■ PROBLEM TO SOLVE ■
All of the data should be restated word for word, with the pictures omitted.

■ SOURCE MATERIAL ■
*** Block opens ***

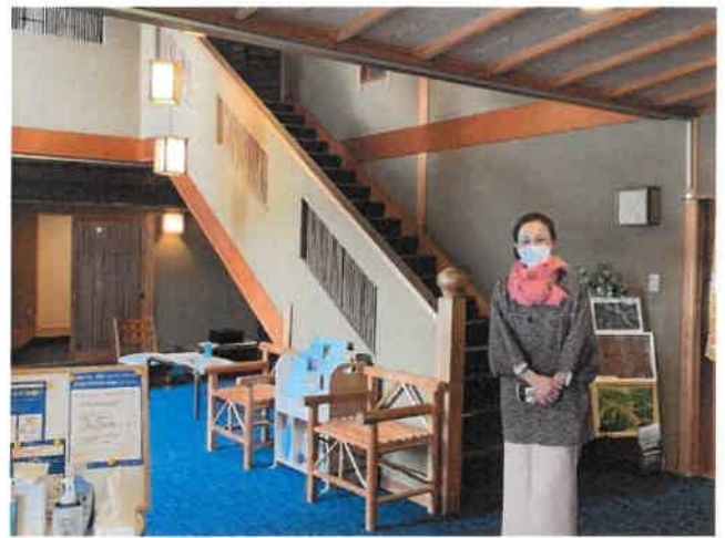
フロントロビー・女将さん
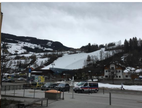
Blick vom Krankenhaus auf die Skipiste
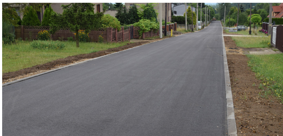
Modernizacja drogi - Zawada ul. Nowowiejska - po
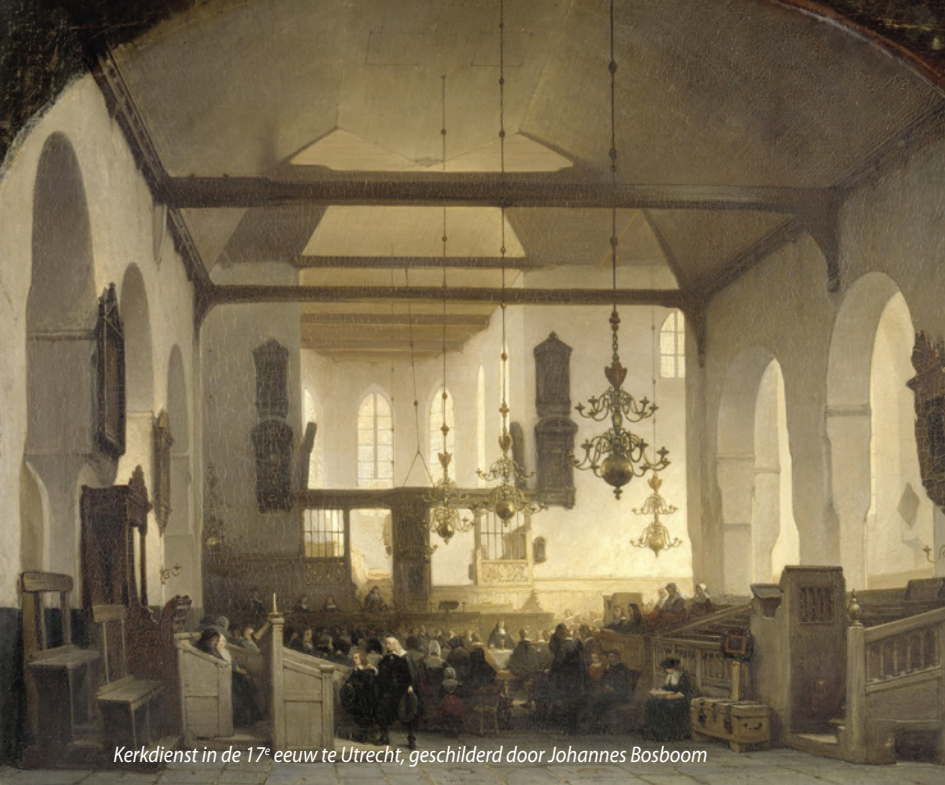
Kerkdienst in de 17 e eeuw te Utrecht, geschilderd door Johannes Bosboom

*** Block closes ***

■ SOLUTION FOR THIS PROBLEM ■
フロントロビー・女将さん
Blick vom Krankenhaus auf die Skipiste
Modernizacja drogi - Zawada ul. Nowowiejska - po
Kerkdienst in de 17 e eeuw te Utrecht, geschilderd door Johannes Bosboom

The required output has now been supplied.